Березовский — совсем другое. Это ловкий карьерист. Но хватит ли у него смелости?

Долгий разговор начался с намеков, полунамеков, а потом стал откровенным.

П о л у н а м е к. Понимаете, мой милый, положение у нас пресложное. О, если бы прямой опасностью были только немцы! Ведь у нас могучие союзники, которые все сильнее и сильнее нажимают на них с запада. Пожалуйста, курите.

Березовский сидел как будто бы непроницаемый, глаз не отводил, но что-то неуловимое промелькнуло у него на лице.

Н а м е к. Кого же нам больше опасаться — Вильгельма или этих? Легко ли вам управлять заводом?

— С каждым днем труднее. — Березовский смотрит в упор на Корре, в его черных глазах, которые устьевские дамы называют то цыганскими, то разбойничьими, жгучее ожидание.

О т к р о в е н н о с т ь. Ваша карьера, уважаемый, необычайна и, надо сказать, как-то неожиданна. Но вы нам можете сослужить полезнейшую службу, незабываемую.

Надо было немедленно решить. Он, Березовский, навсегда станет для этих людей своим человеком, если пойдет с ними. Он сохранит за собой видное место, он может подняться еще выше. Но как трудно решиться. Кто кого одолеет? Армия наступать уже не будет. В Устьеве лучше, чем в столице, видно, что большевики не разбиты. Рабочие теперь идут только за ними. Что же будет дальше? Что выбрать? Может быть, разразится вторая схватка, и большевиков сомнут. Да, это может случиться.

Из кабинета Корре Березовский вышел своим человеком. Корре открыл ему правду, но не всю. Березовский не узнал о том, кто разработал коварный план, не узнал о совещаниях банкиров, политиков, промышленников.

Он получил приказ от министерства. Он знал, что целиком выполнить его почти невозможно. Об этом приказе он сперва ничего не сообщил заводскому комитету. Березовский часто появлялся в цехах, смотрел, записывал. И многие инженеры записывали. А потом рабочие из гильзовой мастерской были переведены в другие цеха. В завод вошли платформы, груженные досками. На канале появилась баржа с буксиром. На баржу погрузили громоздкие ящики.

Потом каждый день на каналах стояли баржи и буксиры. В гильзовой под электрические краны были подведены леса. Краны снимали.

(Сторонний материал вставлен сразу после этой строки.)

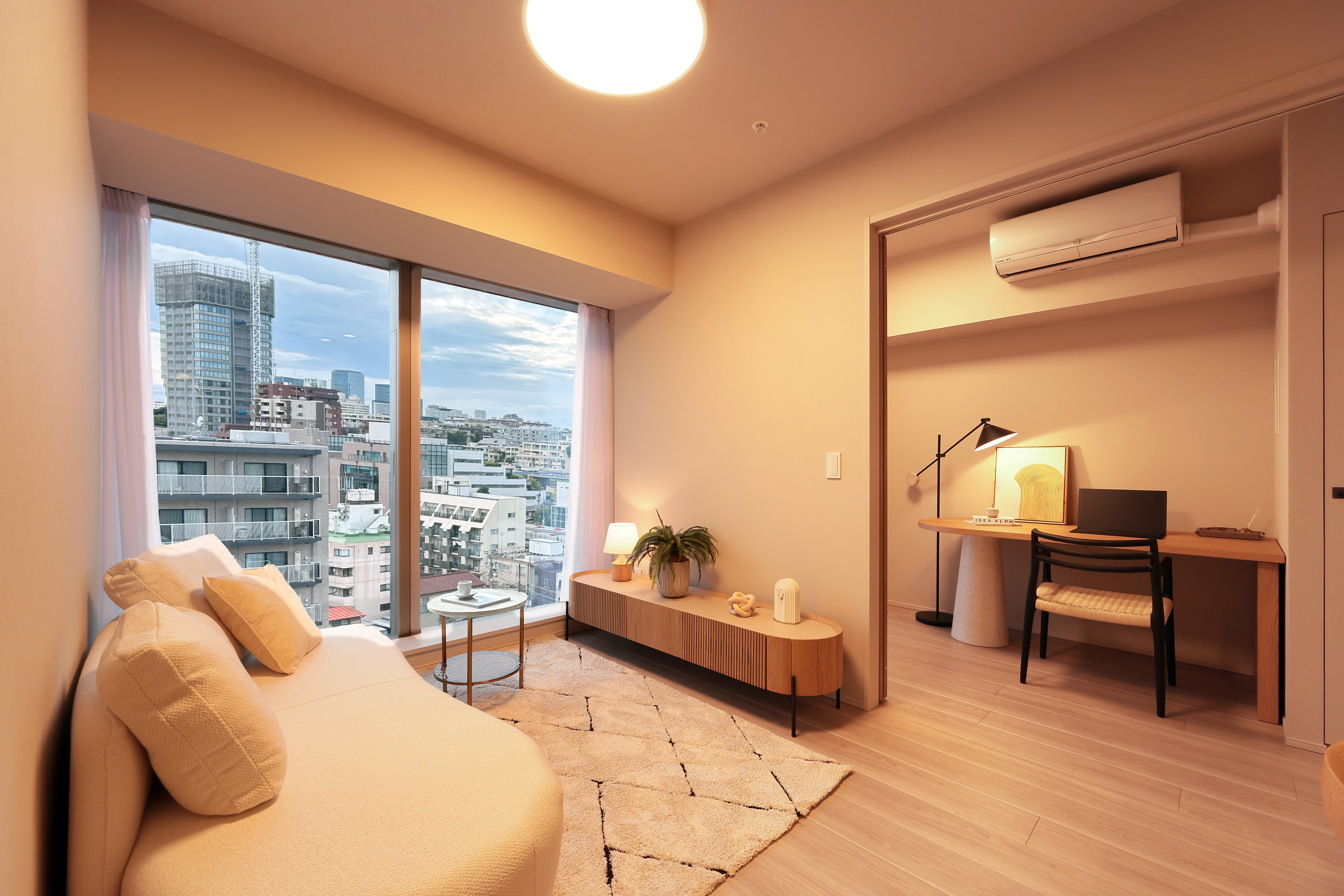 窓から除く、都心の景色とも調和して奥行の感じる空間に

Новость грянула как гром. В поселке передавали один другому: «Гильзовую увозят!» — и люди сбегались к цеху. В воздухе висела густая горькая пыль. Разворачивали кирпичный настил, чтобы сдвинуть с места вросшие в землю станки. От корпуса к каналу стояли один за другим тяжеленные ящики. Их подталкивали на катках. Лебедка, поворачиваясь назад, словно присматривалась к станкам, обитым досками, и выбирала. Она накладывала на ящик петлю из троса и, подняв ящик в воздух, опускала его в трюм баржи и снова оборачивалась назад.

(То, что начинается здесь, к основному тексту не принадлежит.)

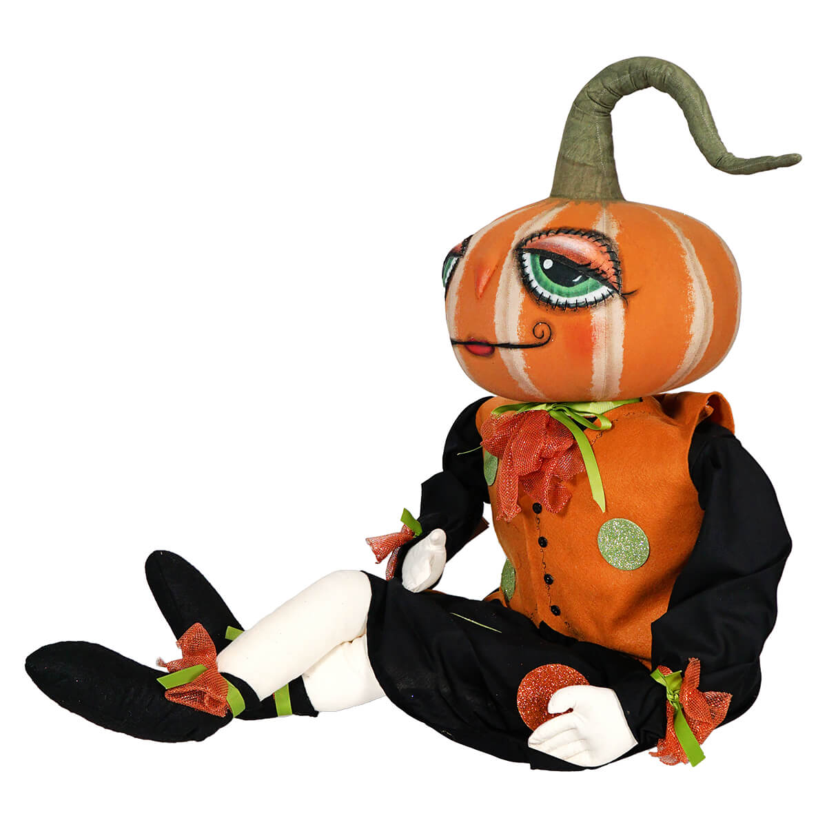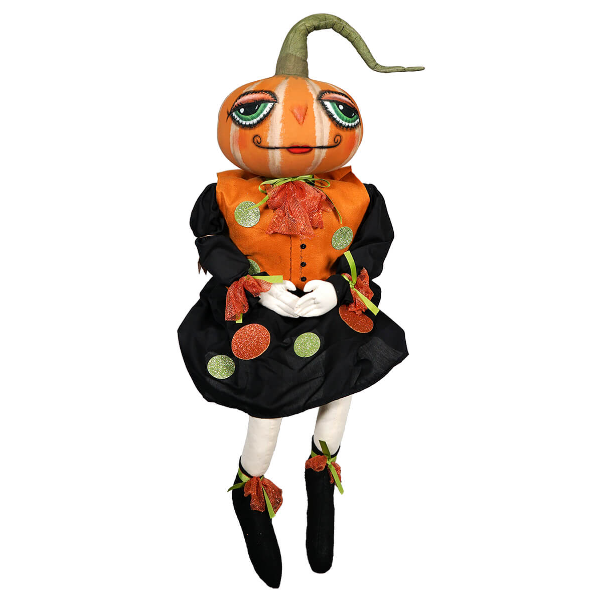 This gourd-headed cutie is an ideal companion for the devilish Pablo Figure, both crafted by the artful Joe Spencer. Dressed to impress, Petra stands at a proud 42 inches in her velvety black dress with glittered orange and green polka dots. Petra has a pumpkin head with sleepy eyes and a slightly smug lazy smile. Guaranteed to add a touch of mischief to any home décor, the Petra Figure is the perfect addition to any spooky season! Petra will be sure to receive compliments from all of your Halloween guests, adding the dramatic flare, especially combined with the unique style of her partner!

Все это казалось устьевцам невероятным, невозможным. Люди долго молчали. На развороченном кирпичном настиле топтался Бондарев. Он недоуменно поглядывал по сторонам и тихо говорил какому-то старику:

— И не узнаешь, где тут мой стоял. Тут стоял. Против двери. Двадцать лет ковырялся тут, а где оно? Будто не было. А как станка добивался! Что я мастеру тогда отдал! Так где он? Прах. Разворотили.

— Из земли взят, в землю уйдешь, — наставительно заметил Никаноров.

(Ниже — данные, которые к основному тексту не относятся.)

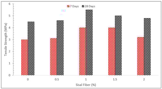 Tensile strength (TS) of concrete improved with SSF, as shown in Figure 8 and Table 5. SSF has a high cellulose content, which accounts for its improved TS and resistance to water absorption. Because of its cost-effectiveness, exceptional acoustic and thermal properties, adequate TS, high toughness, abrasion resistance, and plentifulness, SSF is the most widely used natural fiber in the construction industry [62]. In terms of strength and durability, fiber-reinforced concrete outperforms regular concrete. Fiber stops cracks rather than prevents them. Notably, CF has a larger impact on TS than CS. Fibers have been demonstrated to help post-cracked concrete behave better [53]. Furthermore, fibers with a volume of 0.5 to 2.0 percent have a far bigger impact on concrete TS than fibers with a volume of less than 0.5 percent [54].
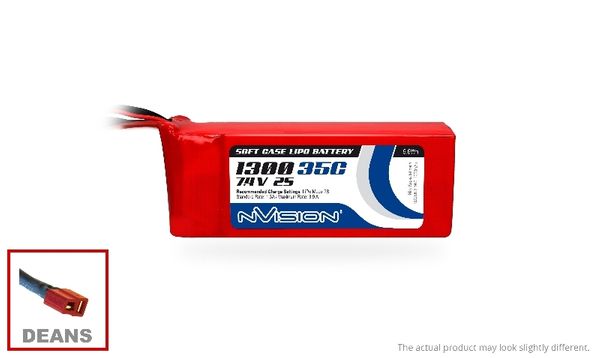 NVISION 2S 1300MAH 7.4V 35C SOFTCASE LIPO with DEANS PLUG.

Он зачем-то вертелся тут же.

— Пошел к черту, идол. Спрашиваю — где оно? Жил я здесь или не жил?

На канале буксиры так надымили, что черный дым пополз в корпус. Одна баржа уже была нагружена. Буксир рванул вперед, натянулись канаты. Закипела вода под винтом. Буксир заревел. На барже просмоленный дымом ладожский мужичонка уцепился руками за огромное бревно неуклюжего руля. Баржа сдвинулась с места. Дым оседал к самой воде. Вода была уже мутной. В ней плавало все, что осенние ветры смели с полей и с деревьев. Вдали на конце полукруглого канала повис легкий туман. И виден был низкий берег, с которого еще недавно стреляли перелетных гусей. Легкий туман пропустил через себя сначала буксир, за ним — баржу. Они еще были видны с минуту, а потом в прорыв стала стекать жидкая пелена, и туман сомкнулся. И опять лебедка, повизгивая, опустила хобот к очередному ящику.

— Вот и прощай, гильзовая!

— И куда ее везут?

Бондарев без шапки, словно пьяный, спотыкаясь, выбежал из корпуса и налетел на машиниста лебедки.

— Ну куда мой станок поставил? Говори. Двадцать лет, слышишь?

Машинист, смеясь, оттолкнул его.

— На Волгу, говорят, повезли.

— Зачем на Волгу? Здесь, что ли, плохо стоит?

— Сюда немец подходит.

— Утопят цех. Барки старые, а вода по осени тяжелая.

Бондарев не унимался. Он побежал обратно в цех. Корпус был почти пуст. Монтажники возились Под самым потолком, разбирая кран. Завтра и его снимут. На стенах останутся только рельсы, по которым, звеня, плавно двигался кран.

— На моих глазах ставили! — кричал Бондарев. — Двадцать пять лет тому назад.

Его пышные усы смешно обвисли. Теребя их, он спрашивал сам себя:

— Зачем увозят? Зачем увозят?

Никаноров объяснял:

— Под Расею колеса подводят. Везут Расею из городов. Города не кормят ныне. А вот горы железа у Тамбова, у Калуги, еще где…

И он стал развивать свою неуемную мысль. Но его не слушали.

— То царского дядьку в цари прочил, то железо в горы складать.

— Прочил. Говорил — без такого человека пропадете. Вот и подводят под Расею колеса.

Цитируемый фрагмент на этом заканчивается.